Work task: Within the records below is a range that opens at the line with "圖1整合ISO 27001 & ISO 27011與新版個資法安全措施導入P-D-C-A" and closes at the line with "範。透過內部稽核、外部稽核協助企業找到弱點並有效改善，最終得到 ISO 認證，如圖". Return that range word for word, both ends included, and only that range.
---------- Exercise inputs
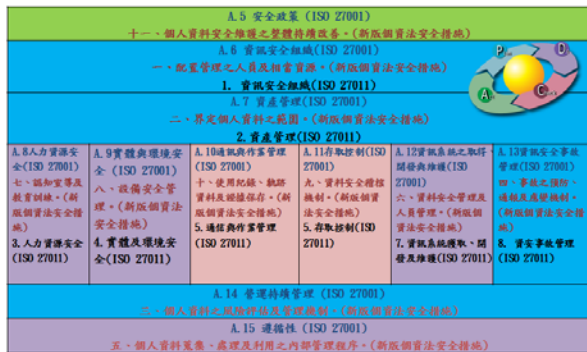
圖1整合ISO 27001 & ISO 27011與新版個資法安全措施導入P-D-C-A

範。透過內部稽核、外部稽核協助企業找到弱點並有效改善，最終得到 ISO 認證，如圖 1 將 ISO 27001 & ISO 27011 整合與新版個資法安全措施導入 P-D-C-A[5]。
--------------------
---------- Exercise inputs
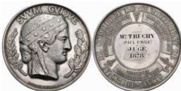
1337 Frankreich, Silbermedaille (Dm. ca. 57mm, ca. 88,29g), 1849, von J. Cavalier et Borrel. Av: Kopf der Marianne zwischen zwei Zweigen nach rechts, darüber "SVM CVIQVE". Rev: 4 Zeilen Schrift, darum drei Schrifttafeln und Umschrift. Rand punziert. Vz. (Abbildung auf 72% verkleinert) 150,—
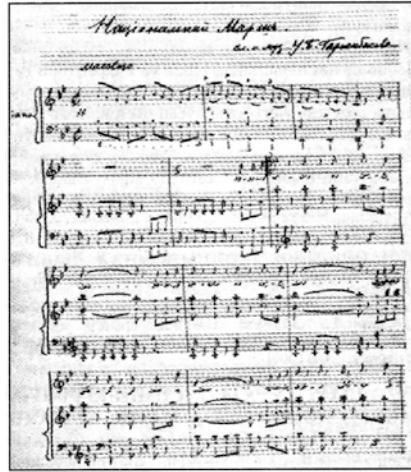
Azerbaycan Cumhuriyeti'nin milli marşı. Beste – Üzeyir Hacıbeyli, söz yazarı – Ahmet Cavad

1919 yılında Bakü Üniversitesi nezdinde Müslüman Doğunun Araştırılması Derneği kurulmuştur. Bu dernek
--------------------
Solution to the problem:
圖1整合ISO 27001 & ISO 27011與新版個資法安全措施導入P-D-C-A

範。透過內部稽核、外部稽核協助企業找到弱點並有效改善，最終得到 ISO 認證，如圖 1 將 ISO 27001 & ISO 27011 整合與新版個資法安全措施導入 P-D-C-A[5]。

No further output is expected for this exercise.